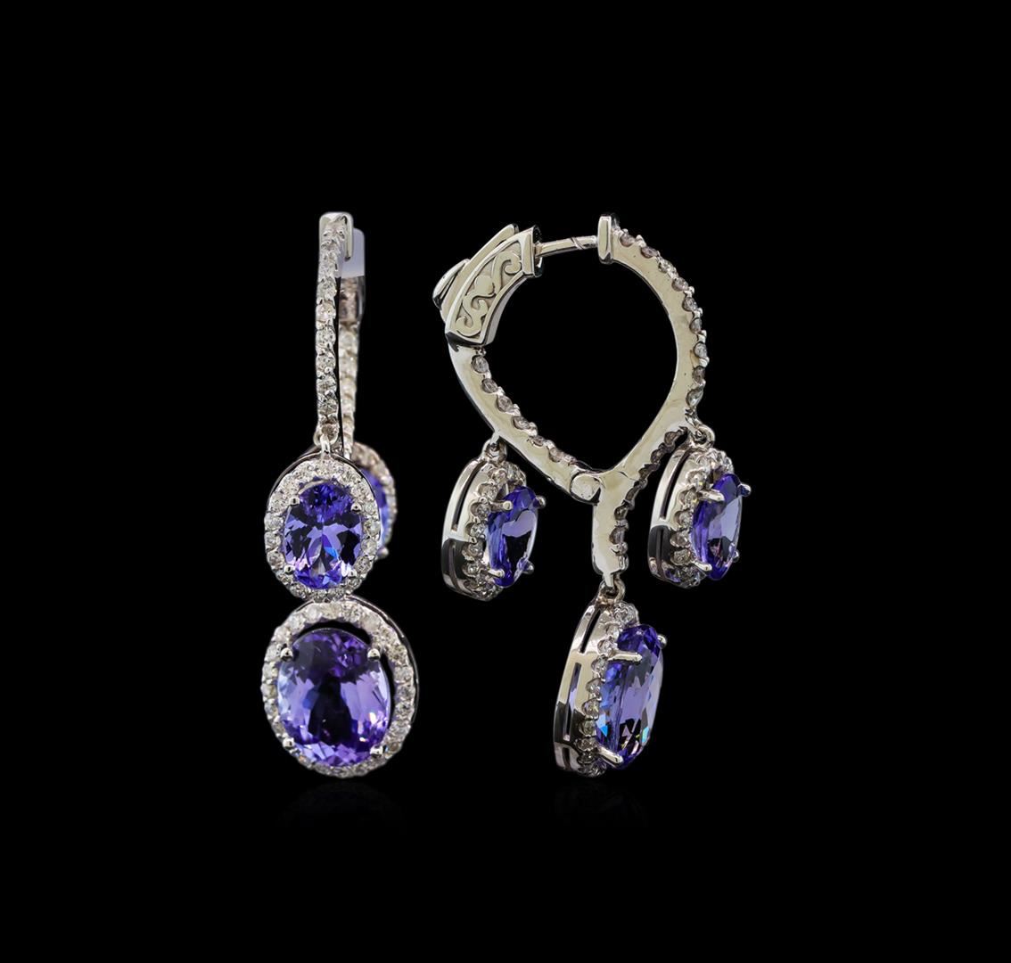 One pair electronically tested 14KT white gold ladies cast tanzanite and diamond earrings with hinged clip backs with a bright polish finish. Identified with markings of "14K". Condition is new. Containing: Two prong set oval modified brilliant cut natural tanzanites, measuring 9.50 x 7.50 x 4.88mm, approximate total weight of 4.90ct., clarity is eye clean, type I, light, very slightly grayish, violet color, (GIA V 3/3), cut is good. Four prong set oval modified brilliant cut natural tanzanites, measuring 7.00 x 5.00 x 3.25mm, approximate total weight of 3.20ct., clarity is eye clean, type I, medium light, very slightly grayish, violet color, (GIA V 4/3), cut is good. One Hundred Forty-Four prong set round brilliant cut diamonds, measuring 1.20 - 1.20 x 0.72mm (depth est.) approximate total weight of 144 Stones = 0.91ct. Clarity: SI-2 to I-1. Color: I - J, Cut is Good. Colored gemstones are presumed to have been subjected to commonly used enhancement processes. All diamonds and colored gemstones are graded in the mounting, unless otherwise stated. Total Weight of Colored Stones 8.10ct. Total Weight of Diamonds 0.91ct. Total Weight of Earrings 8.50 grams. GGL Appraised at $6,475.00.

::::

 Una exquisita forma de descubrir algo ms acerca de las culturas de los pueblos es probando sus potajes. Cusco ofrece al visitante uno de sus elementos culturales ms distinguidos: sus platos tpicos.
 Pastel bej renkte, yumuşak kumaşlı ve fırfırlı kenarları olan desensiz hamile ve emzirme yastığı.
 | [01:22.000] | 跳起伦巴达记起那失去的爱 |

::::

*YOUR GOAL:* Taking the material above, extract exactly and only the lines from the line with "Una exquisita forma" to the line with "[01:22.000] | 跳起伦巴达记起那失去的爱 |", inclusive of both.

*WRITTEN ANSWER:*
 Una exquisita forma de descubrir algo ms acerca de las culturas de los pueblos es probando sus potajes. Cusco ofrece al visitante uno de sus elementos culturales ms distinguidos: sus platos tpicos.
 Pastel bej renkte, yumuşak kumaşlı ve fırfırlı kenarları olan desensiz hamile ve emzirme yastığı.
 | [01:22.000] | 跳起伦巴达记起那失去的爱 |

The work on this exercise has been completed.